Get Satoshi Kanazawa out of LSE and off Psychology Today

I’ve written about this genius before (here or elsewhere or somewhere). He’s an evolutionary psychologist from the London School of Economics (LSE) – one of the top universities in the UK – and he writes, a lot, for Psychology Today. Now, Psychology Today is not, by any stretch of any imagination, a reliable academic source but it does have readership. It’s probably the best feeder of pop-psychology around at the moment.

I’m not a fan of evolutionary psychology. I don’t like its reductivist approach in making everything about sex. Because that’s what it does, when you strip off the big words. The boys have sperm, the girls have eggs, the boys want the girls but the girls need the boys and then a whole host of things happen that bring us where we are today. One of my very favourite colleagues does a bit of evolutionary psychology, and he argues it well, but I just don’t agree with the premise or the implications. No more than I agree with any of the offensive, sexist, racist, ill-informed claptrap that  Satoshi Kanazawa is known for on Psychology Today. (Not that I am equating my lovely colleague with Kanazawa, of course).  His latest stint involved a piece which was entitled “Why are Black women less physically attractive than other women?” Yeah. Seriously.

The piece was met with uproar, naturally, and was removed from the site almost immediately. (It doesn’t even deserve a critique but if you’re interesting in reading one anyway, you can find an interesting post here on Sociological Images.) Since then, change.org, a petition site, started a petition demanding that Psychology Today stops publishing sexist and racist articles and explains why  Kanazawa’s piece was published initially. (If you were cynical of mind and suspected that it was published because it’s good for site traffic, you may not be wrong.) The peititon also called for the removal of Kanazawa as a contributor to the site. And not before time. Indeed, since then, the student body of  LSE have called for Kanazawa to be sacked. He is not doing that institution, or the academy, any favours at all.

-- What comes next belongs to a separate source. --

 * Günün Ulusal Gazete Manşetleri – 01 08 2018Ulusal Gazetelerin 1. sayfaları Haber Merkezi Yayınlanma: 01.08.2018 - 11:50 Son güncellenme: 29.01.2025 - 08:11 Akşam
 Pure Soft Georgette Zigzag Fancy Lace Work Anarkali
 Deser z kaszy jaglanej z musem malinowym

Two weeks after the offending article, Psychology Today issued an “apology”. It’s very sorry indeed if anyone was offended by the article. (Read: we’re not saying the article was offensive but if you were offended then I suppose we’re sorry. But you should probably be less sensitive.) It’s not good enough. Kanazawa is still listed as a contributer and Psychology Today did not address any of the on-going issues with his pieces, choosing instead to pretend that this piece was an isolated incident. Please sign the petition to keep the pressure on Psychology Today to address this problem properly. Its claim that it doesn’t support the publication of racist or sexist pieces is disingenuous when it had to remove a piece for exactly those problems. We have to put up with, “I’m not racist/ sexist but…” in too many places on the Internet and we shouldn’t have to put up with it on a “academic” site too.

Psychology Today is probably hoping that this will turn out to be a storm in the teacup (and, sadly, it probably will for there’s a lot of -isms around and eventually we’ll have to move on to the next one) but it really, really shouldn’t be allowed to wait it out and get that moron Kanazawa back on the front page again next week.

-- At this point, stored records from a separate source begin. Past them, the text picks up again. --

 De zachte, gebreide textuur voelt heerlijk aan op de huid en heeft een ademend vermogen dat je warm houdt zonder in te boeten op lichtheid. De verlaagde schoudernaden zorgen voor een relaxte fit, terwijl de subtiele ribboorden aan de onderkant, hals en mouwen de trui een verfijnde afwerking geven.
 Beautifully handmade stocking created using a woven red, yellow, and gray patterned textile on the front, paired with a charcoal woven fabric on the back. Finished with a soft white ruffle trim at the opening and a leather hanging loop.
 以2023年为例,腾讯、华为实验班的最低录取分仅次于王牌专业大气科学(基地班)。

5 responses to “Get Satoshi Kanazawa out of LSE and off Psychology Today

  1. I haven’t read the article, so I will reserve any comments. I will however share this piece wherein an Asian American studies Scholar at UCSB comments on perhaps a poorly written and highly biased piece by Wesley Yang that was published in the New York Magazine. Initial piece: http://www.huffingtonpost.com/erin-khue-ninh/asian-american-like-me_b_866508.html?ref=fb&src=sp Original article: http://nymag.com/news/features/asian-americans-2011-5/ it sparked an interesting discussion (on facebook no less). I wonder why there hasn’t been a similar outcry of racism.

  2. There probably is some decent research to be had in gender differences in psychology. There are plenty of physical differences like size and body shape, hormones, development, etc and some glaringly obvious (and also some subtle) sociological differences in the way society treats the genders. The same goes for race though the physical differences are unsurprisingly only skin deep. I find it a pity that bias gets in the way of decent, academic research. Worse still there seems to be a habit in popular science magazines to sensationalize a story out of all proportion. Perhaps among the test group there was a tendency to find the black woman less attractive but is that conclusive? Was the test group biased in some way or too small so the results were skewed? Even if the science is sound are the headlines appropriate (clearly not) and do they convey the conclusions of the study accurately (I doubt it)? How does the science further our understanding of the human mind and what conclusions can we draw from it? What evidence counters these conclusions and is there research to thoroughly test the ideas expressed?

    Of course not, this is popular science and they thrive on headlines and sales figures, not evidence and tentative conclusions that are subject to change. They want sensation and argument because that is what sells. More’s the pity.

    On the topic of evolutionary psychology the flaw that I see in it is that explanations of gamete transfer as justifications for the way we act are “just so” stories unless they are backed up with some pretty compelling evidence. I don’t doubt for a moment that evolution is responsible for…well everything… in our psychological make up but it is far too often used in a slapdash way to explain why men like boobs or somesuch.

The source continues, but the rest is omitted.